Seven-foot, eight-inch Maurice "Slo Mo" Finsternick knows nothing about the NBA while growing up in a bizarre cave-dwelling cult in Colorado. Shunned by his shorter peers, he spends lonely days at the cult compost heap tossing a found basketball through a wire hoop. He never misses. Through no fault of his own, he's discovered by the NBA and becomes the hottest sports icon in the country.

This is his story, told, like all jock autobiographies, in his own words. As this dead-on parody of big-time sports unfolds, Slo Mo gradually learns how a famous athlete is supposed to behave.
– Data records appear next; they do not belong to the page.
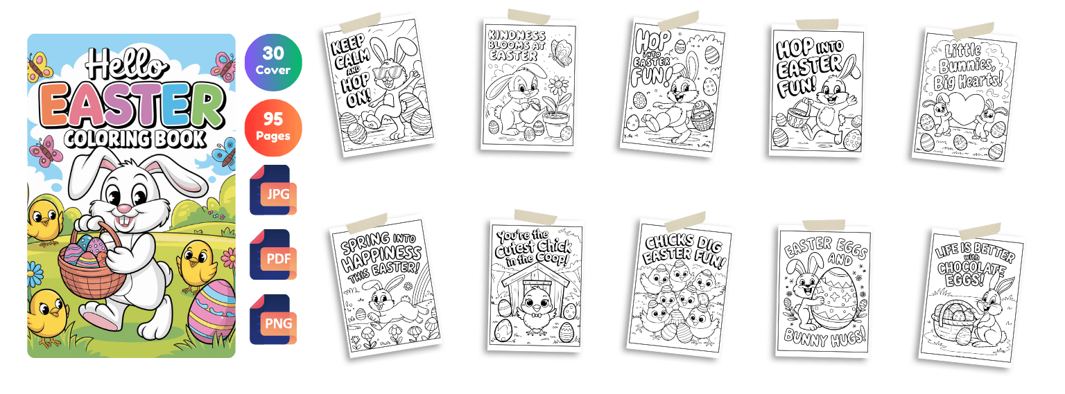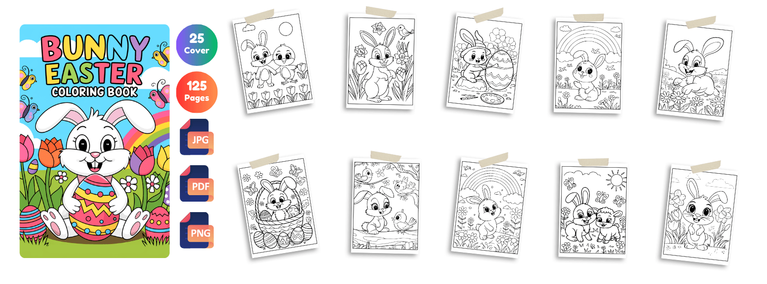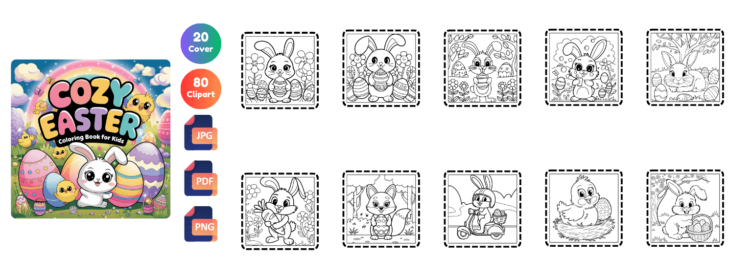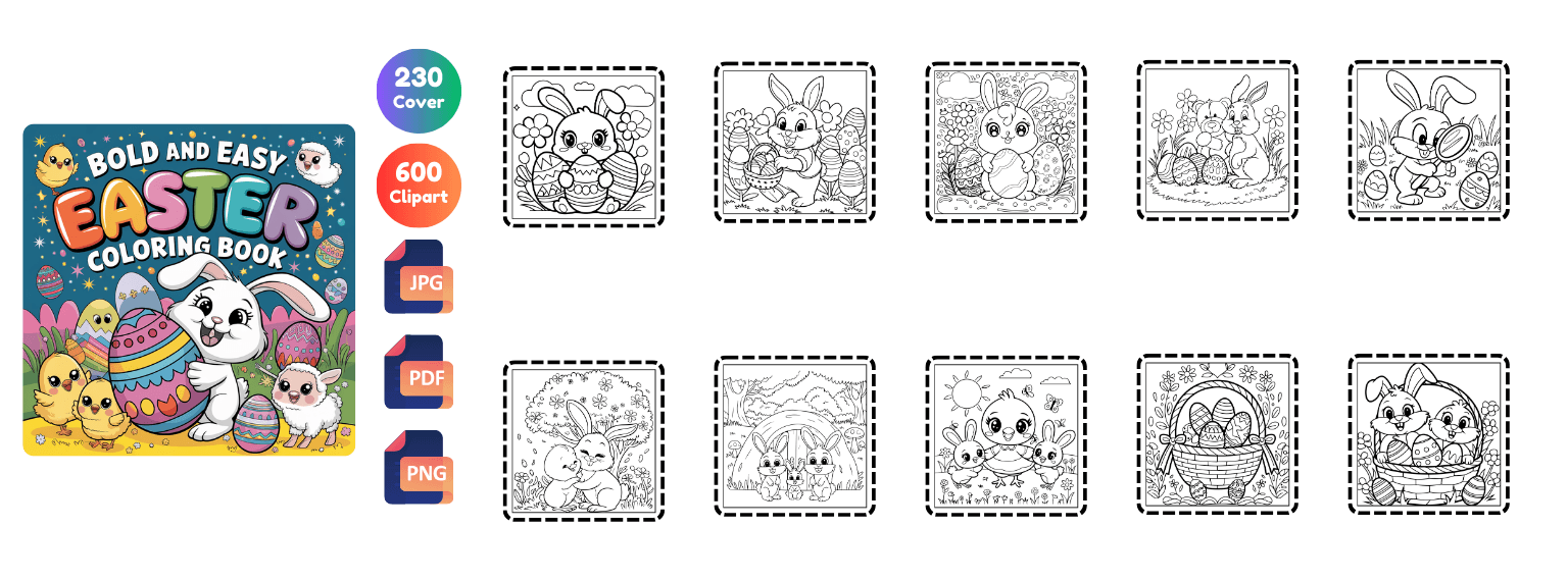 Get 2400+ Easter coloring pages packed with cute bunnies, eggs, cozy scenes, and festive designs. Perfect for kids, adults, and coloring lovers. Plus, you’ll also get 650 bonus book cover designs ready for publishing!
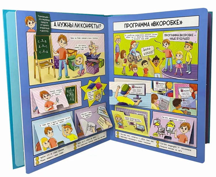 Красочные иллюстрации и простые аналогии позволят быстро погрузиться в мир криптовалют даже юным читателям, а короткие и понятные тексты в окошках помогут разобраться в понятиях и сделать первый шаг к практическому использованию «денег будущего».
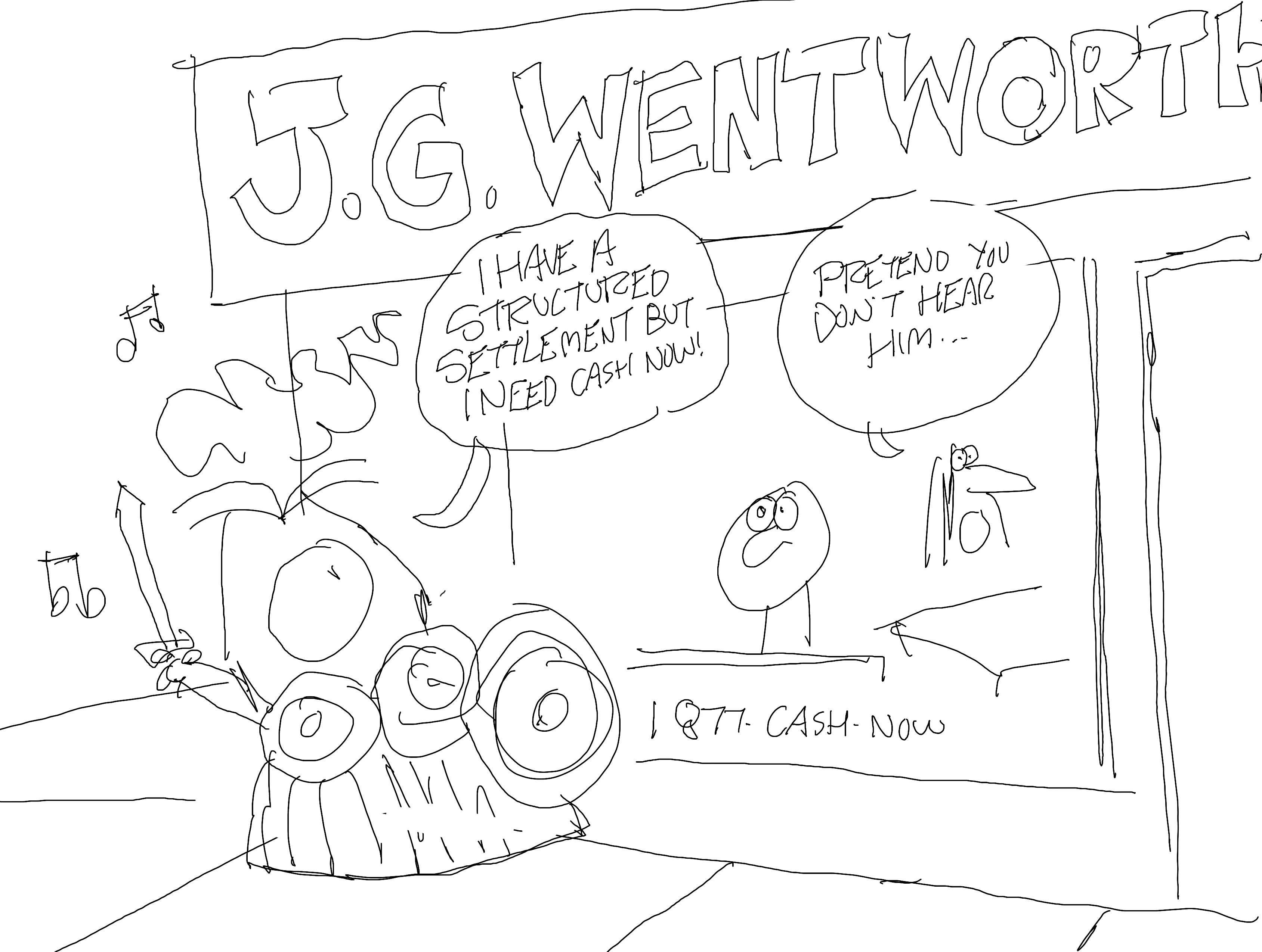 This was drawn last Friday, March 22. I had been trying to get Tom Selleck and reverse mortgages into a cartoon, but this one failed. But speaking of the J.G. Wentworth commercials…
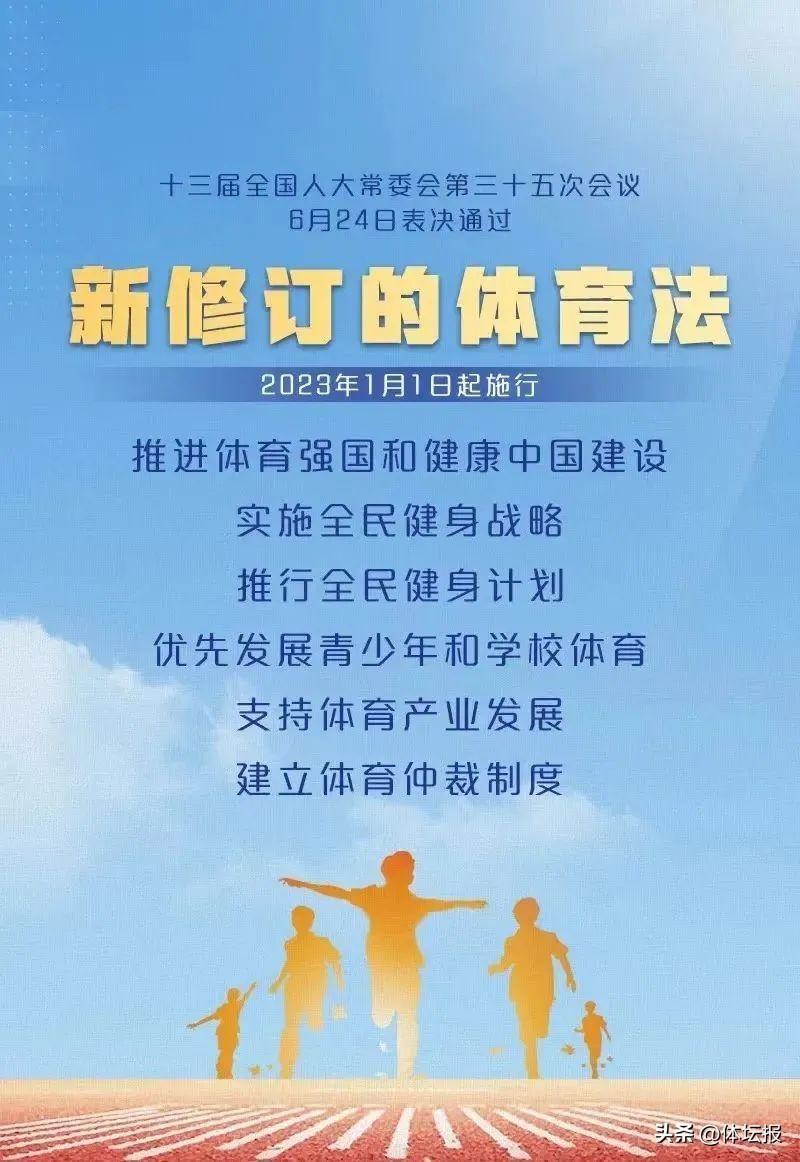 6月24日,《中華人民共和國體育法》由十三屆全國人大常委會第三十五次會議修訂通過,將於2023年1月1日起施行。這是該法自1995年頒佈施行後,時隔27年後進行的第一次全面系統的修訂。

Kind, truthful, polite, and self-effacing, at first Slo Mo is baffled by the attentions of Jacquanda "Jinx" Silver, the groupie with the world's worst condoms, and by the antics of teammates like Kinity "Death" Dedman, whose attempt at becoming the most outrageous and marketable NBA player is thwarted by the tattooist who thought "Ozzie" meant "Ozzie Nelson," not "Ozzy Osbourne." When the veterans on the team pull the old steal-the-uniform gag, Slo Mo warms up in the janitor's uniform left in its place, setting off a fashion craze on the streets.

Eventually, surrounded by an obligatory entourage of people he doesn't know, enticed into endorsing products he doesn't use, Slo Mo begins to lose his innocence, then his patented thirty-foot hook shot.

Nothing is sacred in this brilliant send-up of all that annoys in pro sports. Rick Reilly takes on shoe company vultures, egomaniacal athletes, Zen-spouting coaches, rapacious and corrupt recruiters, dumb-slob sportswriters, sleazeball agents, and mindless fans. Reilly shows again why he is the funniest, and best, sportswriter in America.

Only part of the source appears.